GiftTRAP Success Story

Submitted by Dmitri Davydov on Thu, 2007-12-06 12:06.
Posted in:

Kelowna entrepreneur Nick Kellet is hoping that his successful board game is the gift that keeps on giving.

And the 44-year-old hopes next year will see him break even on his investment of between $150,000 and $200,000 on GiftTRAP.

"I was trying to think of board games and my daughter Freya, who was six at the time, asked, 'How does Santa decide what to give children?'" Kellet said yesterday.

"It was like, 'Wow, that's a brilliant idea.' I did some research and I discovered there wasn't a single game about giving gifts."

That was four years ago and the game, which sells for $29.99, was launched in October last year.

Since then, 10,000 sets of the game have been sold worldwide.

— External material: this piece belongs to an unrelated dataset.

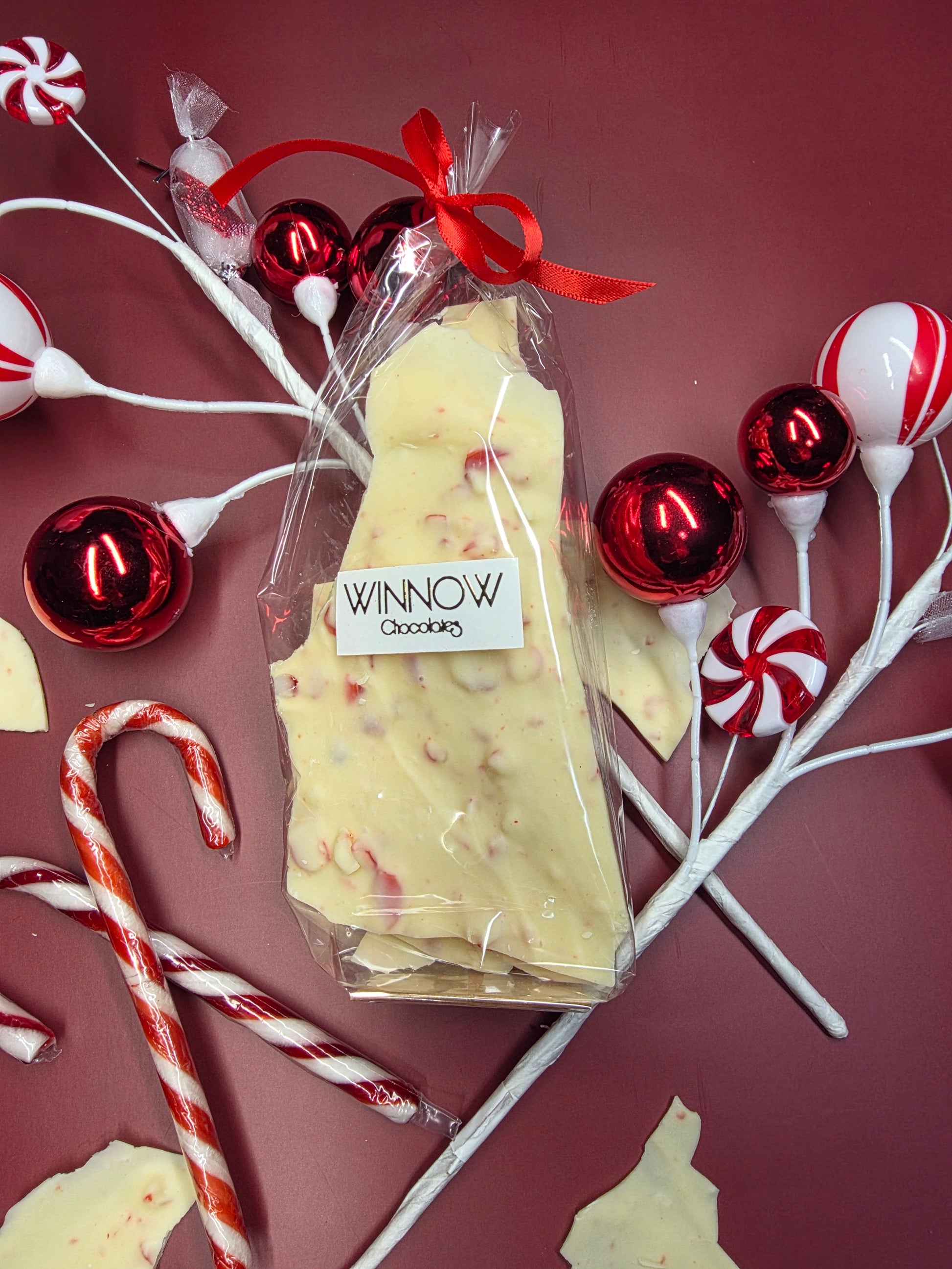 Our Festive Christmas brittle is made with premium white chocolate and is studded with vibrant red and white candy cane pieces giving a sweet, minty, and spectacularly festive feel.

GiftTRAP recently got a boost when it was named Best New Party Game of the Year by Games Magazine, and it should be in Chapters bookstores in time for Christmas, said Kellet.

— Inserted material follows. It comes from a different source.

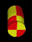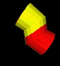 Map a PixelTexture image to an Extrusion. The PixelTexture is RED (lower left quarter), YELLOW (lower right quarter), YELLOW (upper left quarter) and RED (upper right quarter). A PixelTexture is applied to an Extrusion by aligning the bottom of the PixelTexture with the first cross-section at the first spint point, and the top of the PixelTexture coincides with the last cross-section at the last spine point. The left side of the PixelTexture is aligned with the first cross-section point of all spine points, and the right side of the PixelTexture coincides with the last cross-section point for all spine points. For the ends of the extrusion, The PixelTexture will map with the S (horizontal) texture axis aligning with the X axis of the cap, and the T (vertical) texture axis aligning with the Z axis of the cap.

"Since man got out of caves and first created some surplus through ploughing fields and making stuff, we have been giving gifts," laughed Kellet. "But why is gift-giving such a trauma?"

The problem is trying to pick the right gift for someone.

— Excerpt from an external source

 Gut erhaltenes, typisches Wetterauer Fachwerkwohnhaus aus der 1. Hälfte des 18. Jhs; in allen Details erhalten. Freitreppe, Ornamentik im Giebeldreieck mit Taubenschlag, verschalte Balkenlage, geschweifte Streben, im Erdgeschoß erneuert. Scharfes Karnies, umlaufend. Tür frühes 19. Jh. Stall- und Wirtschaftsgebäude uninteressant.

Then there are those gifts that people don't want.

"You have to open them and practise your best fake smile and say, 'That's lovely, Grandma. Thanks very much for the tie.' "

Kellet says his research shows that 35 per cent of gifts people receive are "unwanted and unloved."

"When you play this game you have a lifetime's pent-up frustration of bad gift-giving coming out," he said. "You win by being good at giving gifts and by getting given the right gifts."

Kellet hails from England and board games were a childhood passion.

By the time he was a teenager, he was having meetings with representatives for U.S. games giant Milton Bradley, pitching board games based on business, balancing and dieting.

"It was, 'Nice try, no cigar,'" said Kellet, who lives in Kelowna with his wife, Julie, and three daughters.

He became a high-tech entrepreneur and moved to Vancouver after selling his company in 1999 to Business Objects.

He worked for Business Objects as vice-president of new initiatives until last November when GiftTRAP started to take off.

Kellet says 11,000 more games have now been manufactured and the bulk of those have been pre-sold.

"For next year, we have already got deals in place to publish this in Norway, Sweden, Finland, Denmark, Portugal and Spain," he said.

He has distributors in Canada, the U.S., France, Germany and England.

"The world is cluttered and crowded with trivia games, but there aren't any other gift-giving games," he said. "Got a review from someone in Norway saying that this was the best game they've played since Cranium."

And Kellet said the gamer website, where GiftTRAP got an average rating of 6.9 out of 10, put it in the top 20 of party games of all time.

"There are 1,000 new games launched every year," he added. "So to get this far is a pretty good achievement."